I really like MicroSofts decision to make do-not-track default in IE10. The same should be set for other web sites and people should get a large popup for each site that requires them to allow tracking (yes, per site base exceptions).
Also, It should be easy to configure Tor or other proxies for do-not-track sessions, or even per domain/site that's being visited. Storing IP addresses will often make tracking still feasible and often rather simple. FaceBook keeps "ghost profiles" for people based solely on cookies and IP addresses, I'm fairly certain Google does the same.
If i was in the USA I'd have the constitutional right to be left alone and a lot of companies are not honouring that right. At least give me the tools to make it hard for them to violate my privacy without making it a technical nightmare to do so if I still want to use the Internet.
I was promised a flying car. Where is my flying car?
When browsing in private mode, if you then switch back to normal, when you close Firefox and as the tabs shut down, you usually get one of the supposedly private pages flash up briefly. Clearly not all buffers are cleared when exiting privacy mode.
I want a list of atrocities done in your name - Recoil
ever heard of firefox.exe -no-remote -p
Saying this is 'broken' (by saying it is 'fixed' now) because it doesn't let you mix windows is a total crap article title.
Slashdot is getting as bad as information week with the sensationalist crap titles
After upgrading to FF17, the browser started crashing whenever the file dialog pops up for up- or downloads. It doesn't matter whether the file is double-clicked or selected via "Ok" -- the browser instantly crashes afterwards, sending home a crash report.
That very behavior also takes place with FF18. When running the with strace, the crash does not happen. FF16, in term, does not show this bug.

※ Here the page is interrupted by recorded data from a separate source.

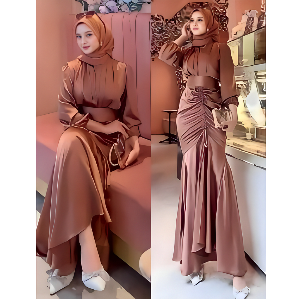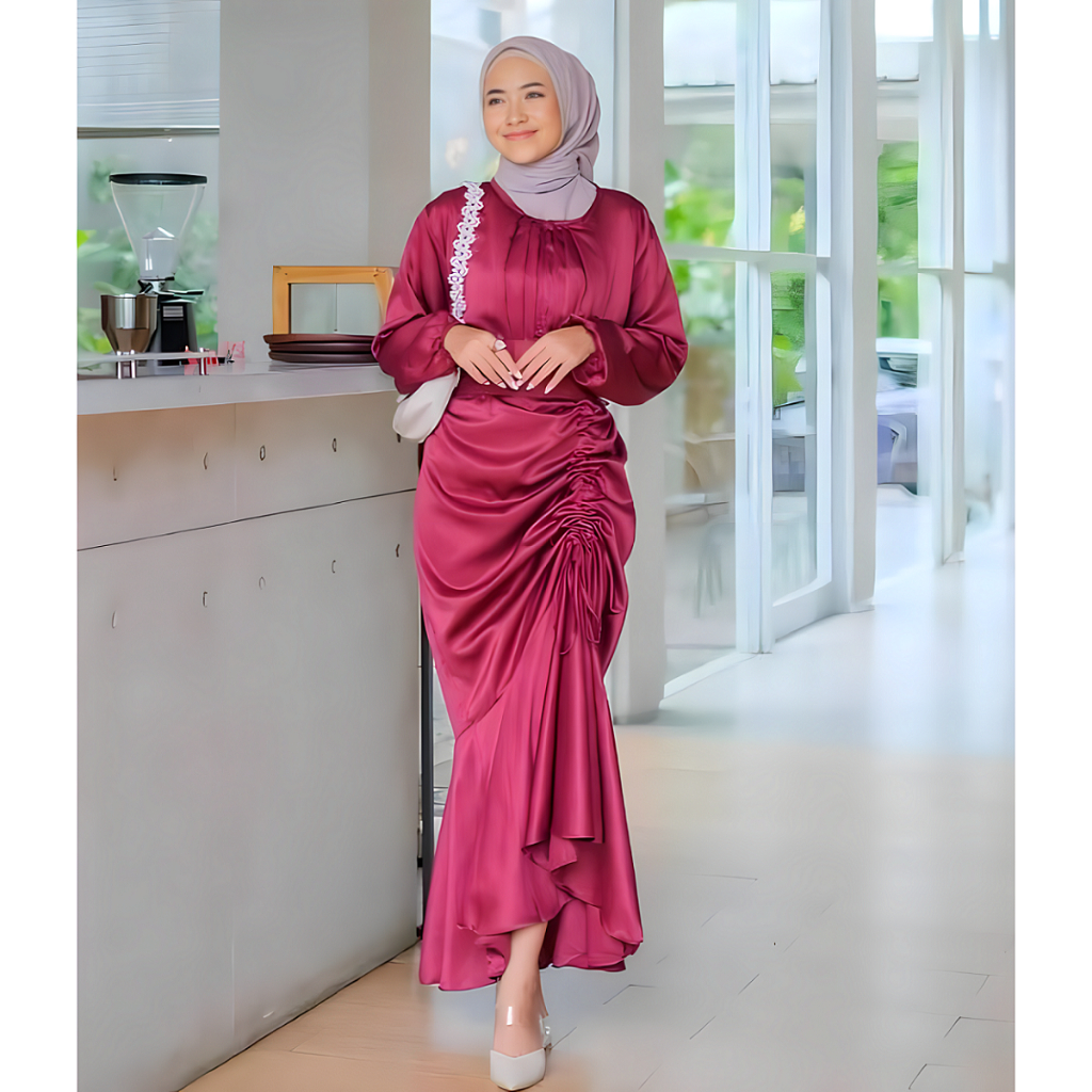 Herita Collection - Dress Serut Kondangan Vanya Satin Silk Size M L XL / Baju Gamis Wanita Terbaru 2026 / Gamis Pesta Mewah Elegan / Dress Bridesmaid / Gamis Lebaran Wanita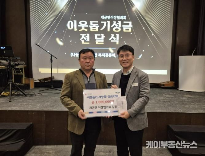 케이부동산뉴스 김교민 기자 | 양평군 개군면은 새해를 맞아 개군면 이장협의회가 지역 내 어려운 이웃을 돕기 위해 성금 100만 원을 기탁하며 따뜻한 나눔을 실천했다고 밝혔다. 기탁된 성금은 개군면 내 취약계층을 위한 복지 지원에 사용될 예정이다.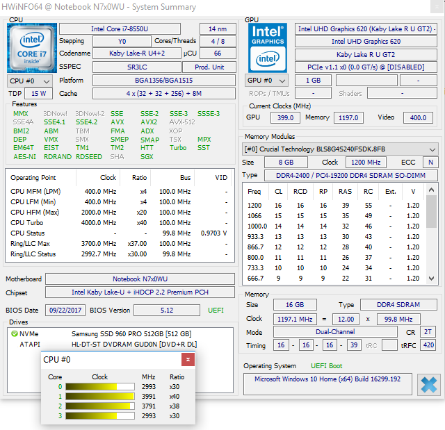 | Schenker Slim 15 L17 UHD Graphics 620, i5-8550U, Samsung SSD 960 Pro 512 GB m.2 | Dell Inspiron 15 7570 GeForce 940MX, i5-8550U, Samsung PM961 NVMe MZVLW512HMJP | HP EliteBook 755 G4 Radeon R7 (Bristol Ridge), PRO A12-9800B, Samsung PM961 MZVLW256HEHP | Lenovo Thinkpad L570 20J9S01600 HD Graphics 620, i5-7200U, Samsung PM961 NVMe MZVLW512HMJP | Fujitsu LifeBook U757 HD Graphics 620, i5-7200U, Samsung CM871a MZNTY256HDHP | |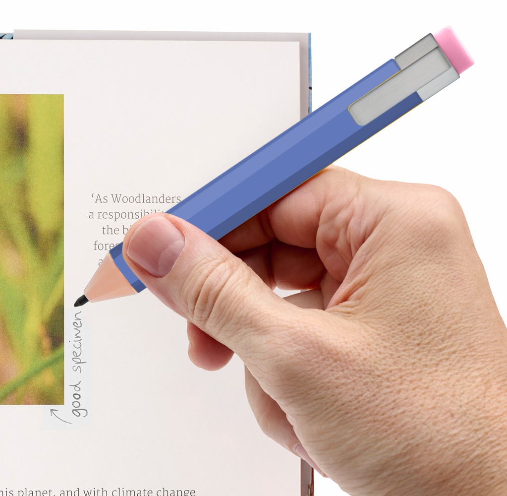 Entdecke Pencilmark: das ist der erste Bleistift, der so flach ist, dass du ihn problemlos als Lesezeichen verwenden kannst.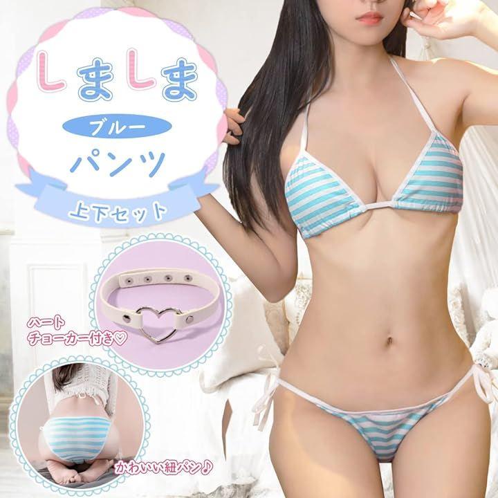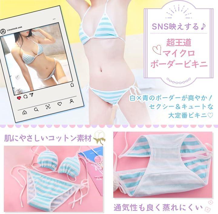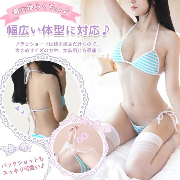 可愛いコスプレ 下着 マイクロ ビキニ 上下セットです*コスプレイヤーに大人気のしましま模様のニーハイソックス、女子高生コスプレに人気のルーズソックス、体操服、セーラー服コスプレとの相性も可愛いくきまります*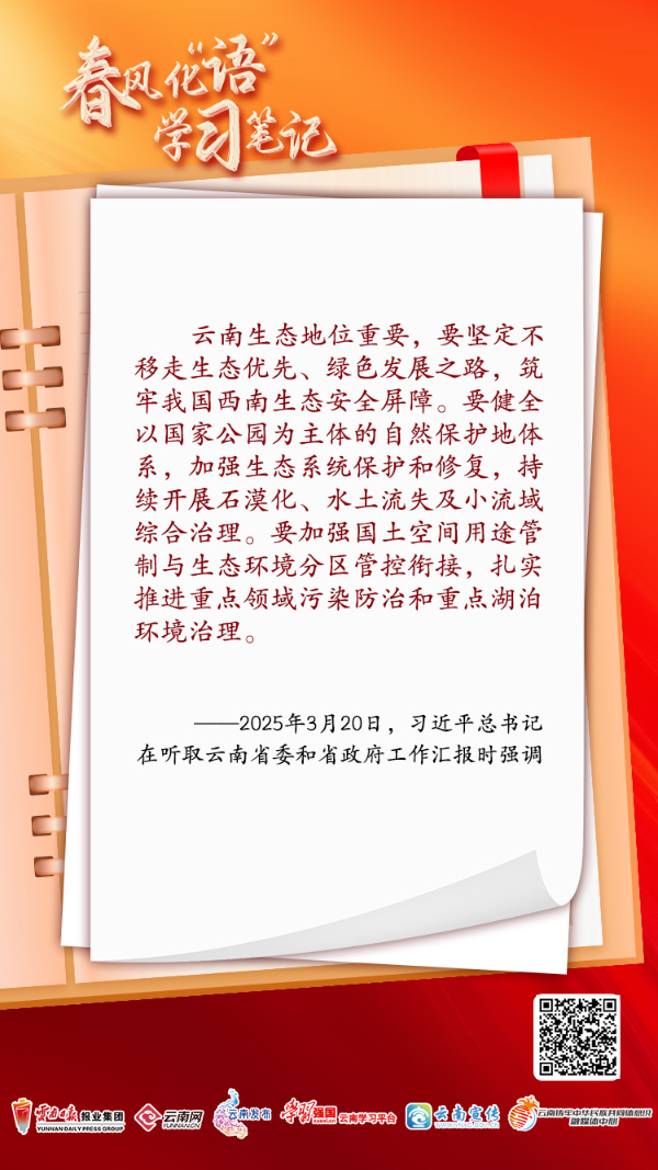 习近平指出,云南生态地位重要,要坚定不移走生态优先、绿色发展之路,筑牢我国西南生态安全屏障。要健全以国家公园为主体的自然保护地体系,加强生态系统保护和修复,持续开展石漠化、水土流失及小流域综合治理。要加强国土空间用途管制与生态环境分区管控衔接,扎实推进重点领域污染防治和重点湖泊环境治理。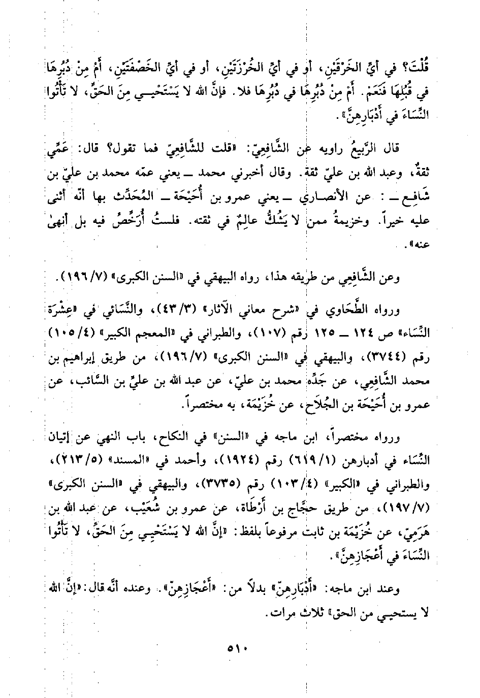 قُلْتَ؟ في أيِّ الخَرْقَيْنِ، أو في أيِّ الخُرْزَتَيْنِ، أو في أيِّ الخَصْفَتَيْنِ، أَمْ مِنْ دُبُرِهَا في قُبُلِهَا فَنَعَمْ. أَمْ مِنْ دُبُرِهَا في دُبُرِهَا فلا. فإنَّ اللَّه لا يَسْتَحْيي مِنَ الحَقِّ، لا تَأْتُوا النِّسَاءَ في أَدْبَارِهِنَّ".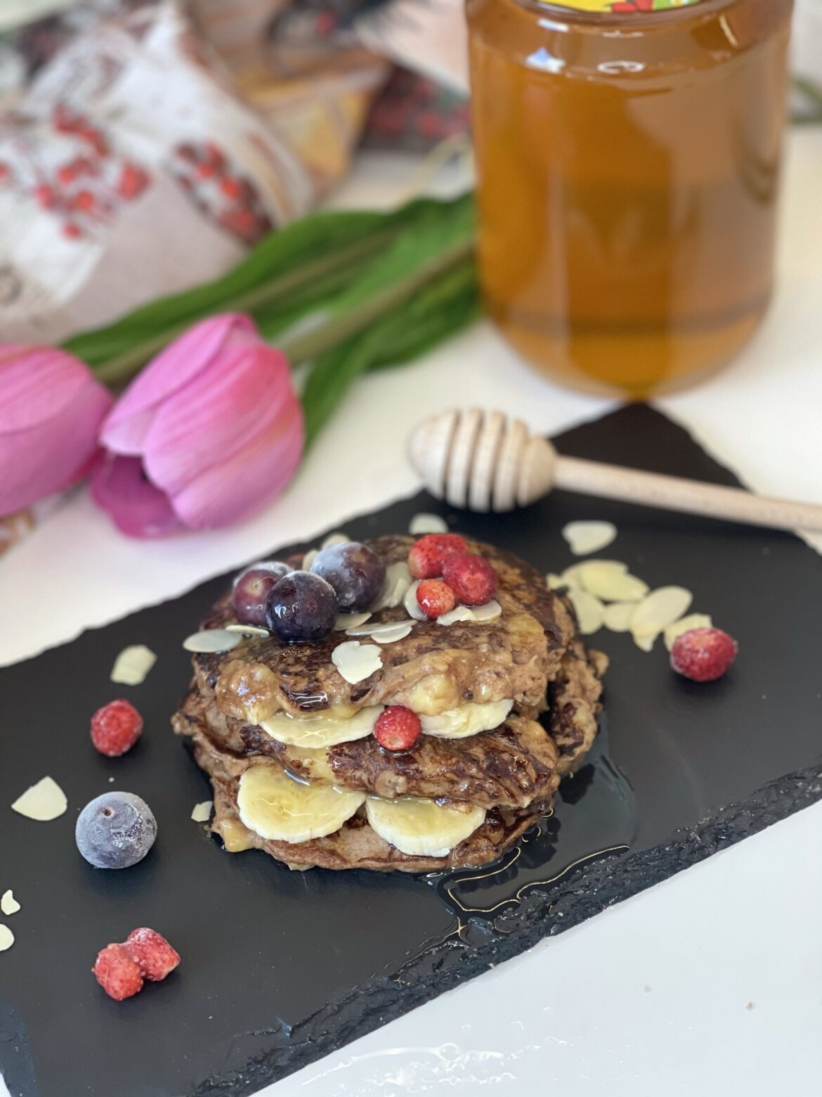 Prelila sam sa Agava sirupom i posula bademom. Izmdju svake palačinke izrendala sam malo jabuke i dodala par kolutova banane. Uživajte.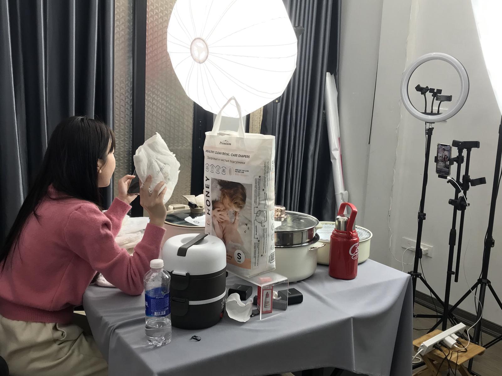 Phương Thảo giới thiệu sản phẩm trong một buổi livestream bán tã bỉm, cố duy trì không khí sôi động để thu hút khách hàng. Ảnh: Lê Linh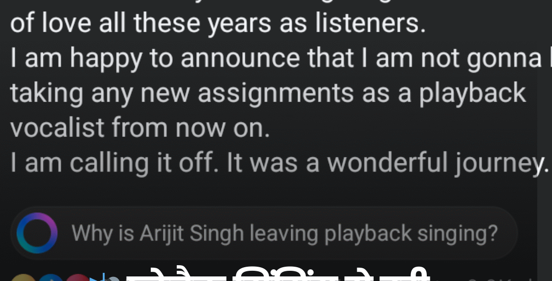 अपने संदेश में अरिजीत सिंह ने श्रोताओं के प्रति गहरी कृतज्ञता व्यक्त करते हुए कहा कि बीते कई वर्षों में उन्हें जो अपार प्रेम और समर्थन मिला है, वह उनके जीवन की सबसे बड़ी उपलब्धि रही है। उन्होंने यह भी कहा कि प्लेबैक सिंगिंग के रूप में उनकी यह यात्रा बेहद खूबसूरत रही, लेकिन अब वह इस अध्याय को यहीं समाप्त करना चाहते हैं।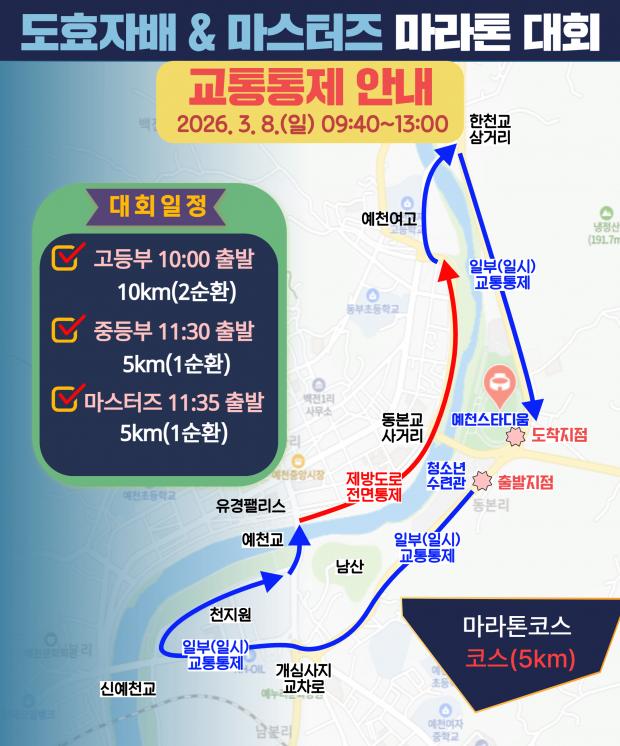 예천군(군수 김학동)은 오는 8일 오전 10시부터 예천읍 일원에서 「제12회 예천 도효자배 전국 중·고 단축마라톤대회」 및 「2026 예천군민 마스터즈 단축마라톤대회」를 개최한다고 밝혔다.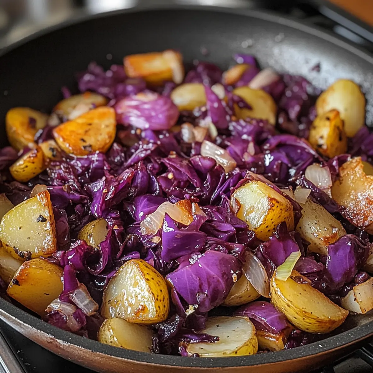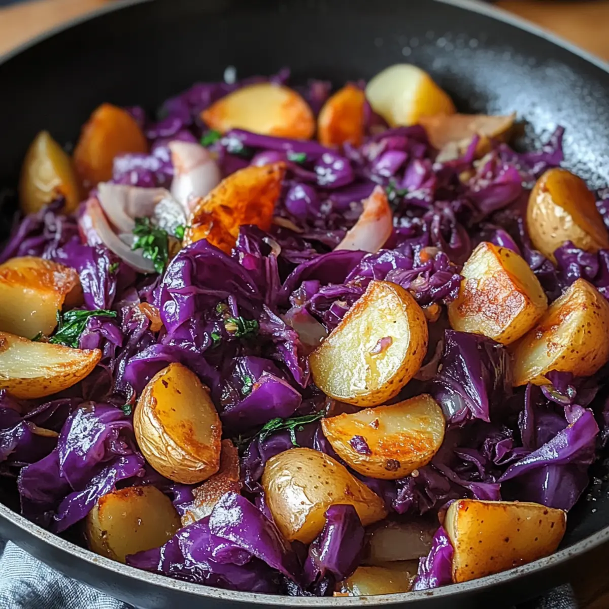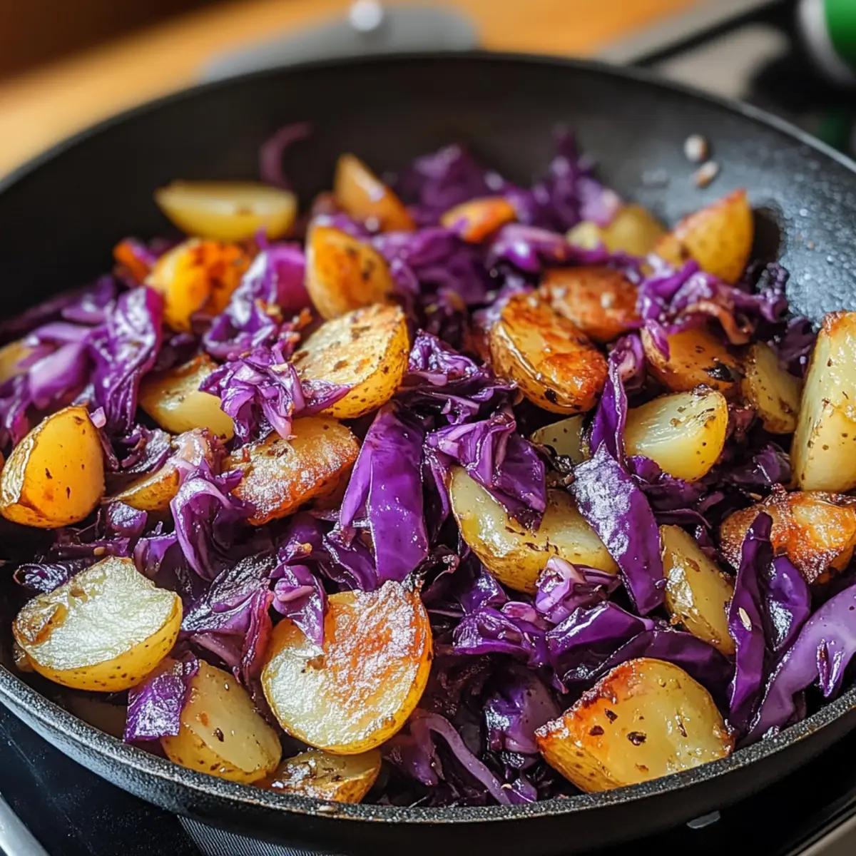 Eines der besten Dinge an der herbstlichen Küche ist die Freude, die in einem Topf entsteht, wenn frische, saisonale Zutaten zusammentreffen. Mein Rezept für Rotkohl Pfanne mit Kartoffeln ist das perfekte Beispiel dafür – ein schnelles, vegetarisches Gericht, das nicht nur den Magen, sondern auch die Seele wärmt. Die süß-sauren Aromen von zartem Rotkohl harmonieren wunderbar mit den knusprigen, goldenen Kartoffeln und bringen einen Hauch von heimischer Gemütlichkeit auf den Tisch. In kurzer Zeit zubereitet, wird dieses Gericht schnell zum Star jeder Mahlzeit, sei es frisch serviert oder als praktisches Meal-Prep für die Woche. Worauf warten Sie noch? Lassen Sie uns in die köstliche Welt dieser herzhaften Pfanne eintauchen! Warum werden Sie dieses Rezept lieben? Einfachheit, die begeistert: Mit nur wenigen Zutaten und einfachen Schritten können Sie ein Gericht zaubern, das großartige Aromen bietet. Saisonale Frische: Rotkohl und Kartoffeln sind nicht nur nahrhaft, sondern auch die perfekten Zutaten für jede Jahreszeit. Dieses schnelle Rezept ist ideal für eine unkomplizierte Abendmahlzeit. Vielfältige Variationsmöglichkeiten: Verfeinern Sie das Gericht mit Apfelessig für eine spritzige Note oder fügen Sie Gewürze nach Ihrem Geschmack hinzu. Ihre kulinarischen Ideen sind hier herzlich willkommen! Eindruck hinterlassen: Sowohl für Familie als auch für Gäste – die Kombination aus zartem Rotkohl und knusprigen Kartoffeln wird jeden begeistern. Genießen Sie es warm oder gekühlt als Teil Ihrer Meal Prep. Nährstoffreich: Diese Pfanne ist nicht nur lecker, sondern auch reich an Vitaminen und Ballaststoffen. Sie können es mit anderen saisonalen Gerichten kombinieren oder als Hauptgericht servieren. Probieren Sie auch meine anderen Rezepte, wie deftige Kartoffelsuppe oder herzhafte Gemüsepfanne! Rotkohl Pfanne mit Kartoffeln Zutaten • Verleihen Sie Ihrem Gericht Geschmack und Farbe mit diesen frischen Zutaten! Für die Pfanne Rotkohl (Rotkohl) – sorgt für die süß-sauren Geschmackskomponenten, die das Gericht ausmachen. Substitution: Grüner Kohl, aber der Geschmack wird anders sein. Kartoffeln – liefern die nötige Herzhaftigkeit und Textur und ergänzen den Kohl perfekt. Substitution: Süßkartoffeln für eine süßere Variante. Apfelessig – bringt die erforderliche Säure für ein ausgewogenes Geschmacksprofil. Substitution: Rotweinessig kann in der Not verwendet werden. Kreuzkümmel – verstärkt das Aroma und die Wärme des Gerichts. Omissieren oder durch geräuchertes Paprikapulver ersetzen, um einen anderen Geschmack zu erzielen. Paprika oder Chili (optional) – für diejenigen, die es würzig mögen. Kann nach Geschmack angepasst werden. Speck oder Räuchertofu (optional) – fügt eine zusätzliche Geschmacksdimension hinzu. Für ein veganes Gericht weglassen oder durch pflanzlichen Speck ersetzen. Schritt-für-Schritt-Anleitung für Rotkohl Pfanne mit Kartoffeln Step 1: Zutaten vorbereiten Zuerst schneiden Sie den Rotkohl in feine Streifen und die Kartoffeln in kleine Würfel. Das gleichmäßige Schneiden sorgt dafür, dass alles gleichmäßig gart. Stellen Sie sicher, dass die Kartoffeln etwa gleich groß sind, damit sie einerseits knusprig werden und andererseits die Kochzeit nicht variiert. Step 2: Kartoffeln anbraten Erhitzen Sie 2 Esslöffel Öl in einer großen, beschichteten Pfanne bei mittlerer Hitze. Fügen Sie die gewürfelten Kartoffeln hinzu und braten Sie sie etwa 10 Minuten lang an, bis sie goldbraun und knusprig sind. Rühren Sie gelegentlich um, damit die Kartoffeln nicht anbrennen und gleichmäßig garen. Step 3: Rotkohl hinzufügen Sobald die Kartoffeln schön gebräunt sind, geben Sie den vorbereiteten Rotkohl in die Pfanne. Rühren Sie alles gut um und lassen Sie den Kohl etwa 5 Minuten mitgaren, bis er zusammenfällt und weich wird. Achten Sie darauf, dass der Kohl nicht zu lange gart, damit er seine schöne Farbe und den Biss behält. Step 4: Würzen und abschmecken Fügen Sie nun 2 Esslöffel Apfelessig sowie 1 Teelöffel Kreuzkümmel und optional etwas Paprika oder Chili hinzu. Mischen Sie alles gut durch und lassen Sie es für weitere 2-3 Minuten köcheln, bis die Aromen sich schön verbunden haben. Probieren Sie und passen Sie die Würze nach Ihrem Geschmack an. Step 5: Servieren und genießen Jetzt ist Ihre Rotkohl Pfanne mit Kartoffeln bereit, serviert zu werden! Genießen Sie das Gericht warm als Hauptspeise oder lassen Sie es abkühlen und verwenden Sie es als praktisches Meal-Prep für die Woche. Die harmonischen Aromen und die gesunde Zutatenkombination werden Sie begeistern! Rotkohl Pfanne mit Kartoffeln Variationen Lassen Sie Ihrer Kreativität freien Lauf und passen Sie dieses köstliche Rezept nach Ihrem Geschmack an! Hier sind einige aufregende Alternativen und Ergänzungen. Dairy-Free: Ersetzen Sie Fleisch durch geräucherten Tofu oder pflanzlichen Speck für eine vegane Variante. Leichter Genuss: Tauschen Sie Kartoffeln gegen Blumenkohl oder Kürbis aus, um das Gericht leichter zu machen. Süße Note: Fügen Sie gewürfelte Äpfel oder Rosinen hinzu, um einen süßen Kontrast zum Kohl zu bieten. Crunch-Faktor: Bestreuen Sie das fertige Gericht mit gerösteten Nüssen oder frischen Kräutern für zusätzlichen Biss und Frische. Würzige Extras: Erhöhen Sie die Schärfe, indem Sie gewürfelte Jalapeños oder Chili-Flocken nach Belieben hinzufügen. Zitronenfrische: Ein Spritzer frischer Zitronensaft kurz vor dem Servieren bringt einen tollen Frischekick ins Gericht. Herzhafter Genuss: Machen Sie es gehaltvoller, indem Sie gekochte Linsen oder Kichererbsen untermischen – perfekt für eine proteinreiche Mahlzeit. Schichtmeisterwerk: Verwenden Sie das Gericht als Füllung für Wraps oder in einem herzhaften Auflauf, um ihm einen ganz neuen Dreh zu geben. Entdecken Sie die Möglichkeiten und ergänzen Sie Ihre Mahlzeiten mit Gemüsegerichten wie deftigen Kartoffelsuppe oder herzhafter Gemüsepfanne für noch meh

Any idea how to hunt this down or even fix it? (I'm running Ubuntu 10.04LTS w/ Trinity/KDE3.5)
#!/bin/bash /usr/bin/firefox -P new -no-remote -private
exec
Bug fixed :)
I've switched away from Chrome since Chrome started adding my incognito cookie and javascript exceptions to the persistent list. Everything else Chrome did to tick me off was tolerable, but the leaking of incognito exceptions... GTFO
Question for religious people: where do unrepentant masochists go when they die?
But since my #1 required feature is "not randomly crashing out, sometimes ten seconds after startup", I'm now writing this via Chrome. Too bad you couldn't stick to your original vision: small, fast, stable.
If you were blocking sigs, you wouldn't have to read this.